A pill version under development of Novo Nordisk’s (NVO) GLP-1 Wegovy (semaglutide) and Eli Lilly’s (LLY) experimental oral GLP-1 orforglipron are among the second round of recipients of the FDA Commissioner’s National Priority Review program that speeds up agency review of drug applications.
Novo submitted an application to the FDA for oral Wegovy in April and was expecting a decision by year end.
In September, it was also reported that the Danish pharma would be seeking approval of a high-dose version of the existing injectable Wegovy.
Lilly has yet to submit an application for orforglipron in obesity, but that is expected by the end of 2025. A separate application for the drug in type 2 diabetes is projected in 2026.
In September, data from a phase 3, head-to-head study of orforglipron vs. oral semaglutide released by Lilly showed greater weight loss with the former.

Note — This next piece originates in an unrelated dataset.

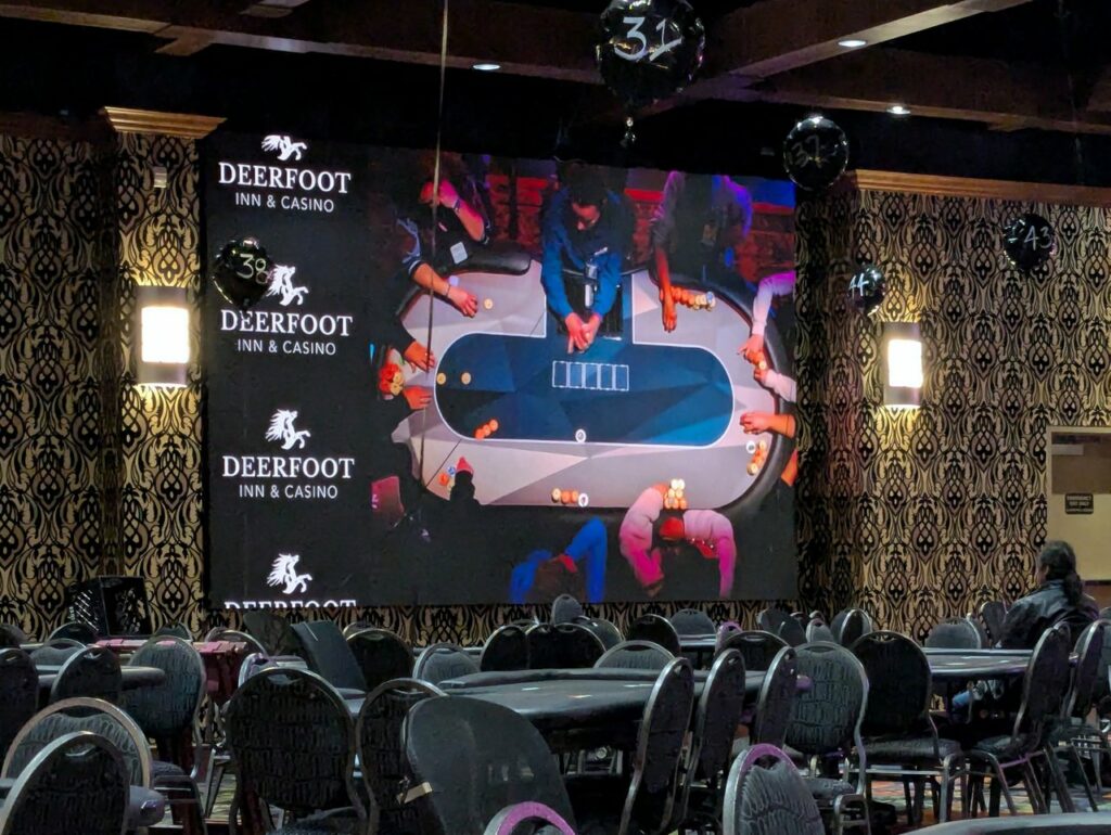The final table action from the stage is now on the big screen in Chrome. The new setup is being trialed tonight in the Ladies game as a preview to the Main Event action tomorrow.

The development for Novo and Lilly came the same day the White House announced major drug-pricing deals with both drugmakers for their GLP-1 drugs
Other treatments that received priority review vouchers Thursday are Boehringer Ingelheim’s Hernexeos (zongertinib) for HER2 lung cancer; Johnson & Johnson’s (JNJ) Sirturo (bedaquiline) for drug-resistant tuberculosis in young children; GSK’s (GSK) Jemperli (dostarlimab) for rectal cancer; and Vertex Pharmaceuticals (VRTX)/CRISPR Therapeutics (CRSP) gene therapy Casgevy (exagamglogene autotemcel) for sickle cell disease.